#### TASK INSTRUCTIONS:
In the data below, set down exactly the lines from the one containing "Chatworkのログイン画" up to and including the one containing "De print wordt". Leave the pictures out.

PROVIDED RECORDS Start Marker

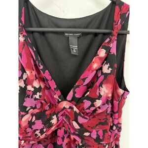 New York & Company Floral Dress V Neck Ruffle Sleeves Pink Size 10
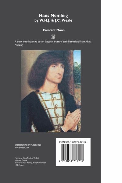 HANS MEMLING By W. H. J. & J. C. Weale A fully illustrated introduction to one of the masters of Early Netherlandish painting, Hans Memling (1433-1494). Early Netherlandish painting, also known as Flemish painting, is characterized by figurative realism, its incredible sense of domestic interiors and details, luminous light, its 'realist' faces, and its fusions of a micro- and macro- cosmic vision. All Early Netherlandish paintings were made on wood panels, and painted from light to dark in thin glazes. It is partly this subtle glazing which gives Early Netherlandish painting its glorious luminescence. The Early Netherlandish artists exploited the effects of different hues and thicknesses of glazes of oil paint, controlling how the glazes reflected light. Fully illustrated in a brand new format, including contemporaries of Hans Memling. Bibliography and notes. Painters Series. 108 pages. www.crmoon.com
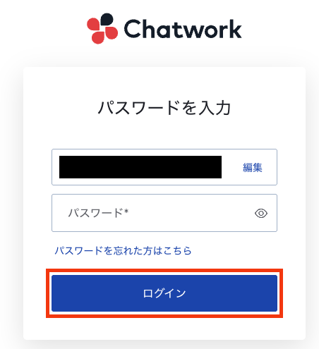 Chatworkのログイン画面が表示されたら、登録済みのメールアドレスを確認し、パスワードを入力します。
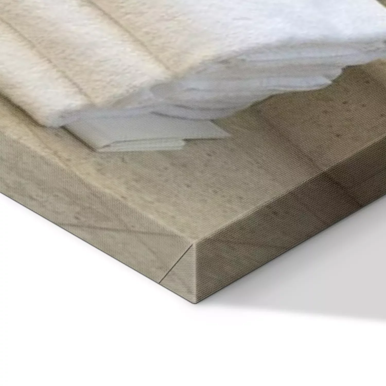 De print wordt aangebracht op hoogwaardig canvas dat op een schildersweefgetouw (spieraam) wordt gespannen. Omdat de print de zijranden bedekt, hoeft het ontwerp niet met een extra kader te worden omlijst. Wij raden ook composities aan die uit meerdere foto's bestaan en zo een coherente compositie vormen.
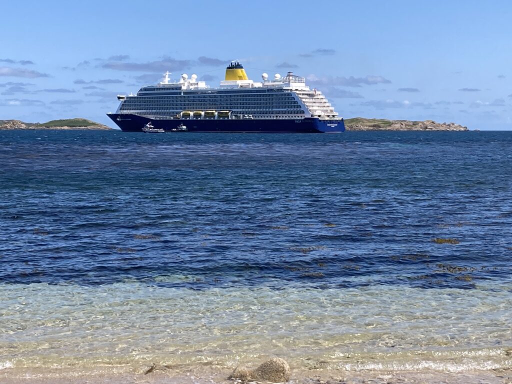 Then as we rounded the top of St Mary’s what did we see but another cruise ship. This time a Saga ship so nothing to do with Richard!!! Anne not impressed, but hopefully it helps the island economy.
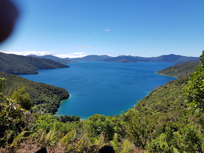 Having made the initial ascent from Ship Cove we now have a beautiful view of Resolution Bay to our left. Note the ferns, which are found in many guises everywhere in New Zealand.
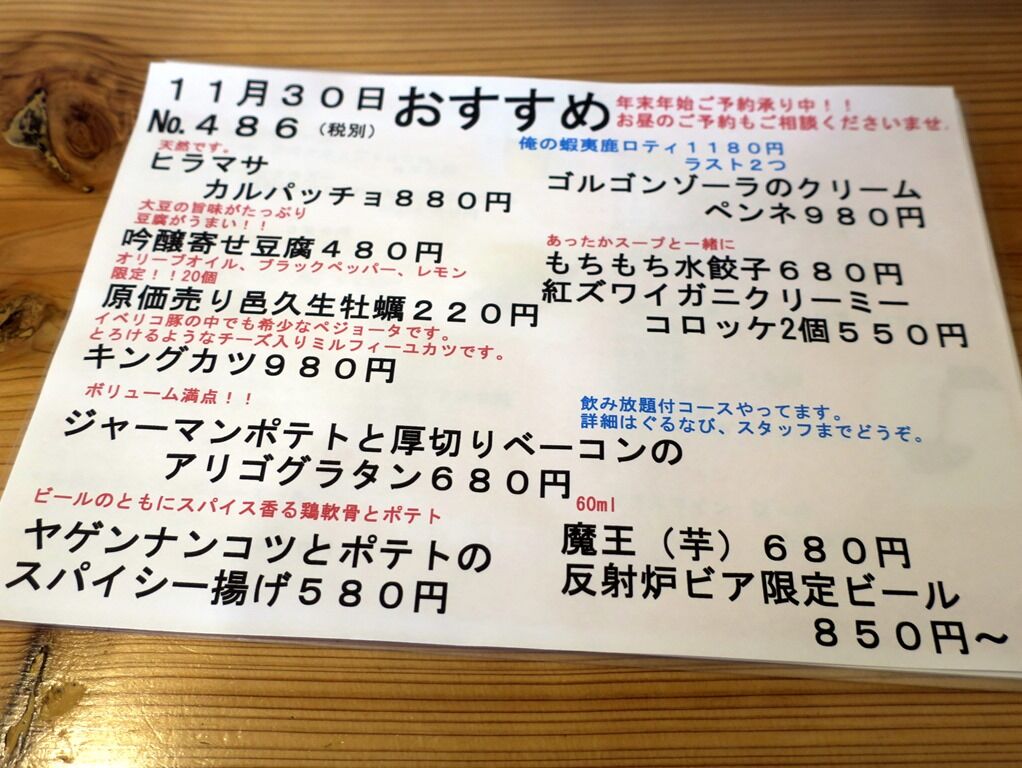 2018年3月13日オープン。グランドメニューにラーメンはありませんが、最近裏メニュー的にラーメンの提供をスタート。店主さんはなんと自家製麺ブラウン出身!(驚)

PROVIDED RECORDS End Marker

#### WRITTEN ANSWER:
 Chatworkのログイン画面が表示されたら、登録済みのメールアドレスを確認し、パスワードを入力します。
 De print wordt aangebracht op hoogwaardig canvas dat op een schildersweefgetouw (spieraam) wordt gespannen. Omdat de print de zijranden bedekt, hoeft het ontwerp niet met een extra kader te worden omlijst. Wij raden ook composities aan die uit meerdere foto's bestaan en zo een coherente compositie vormen.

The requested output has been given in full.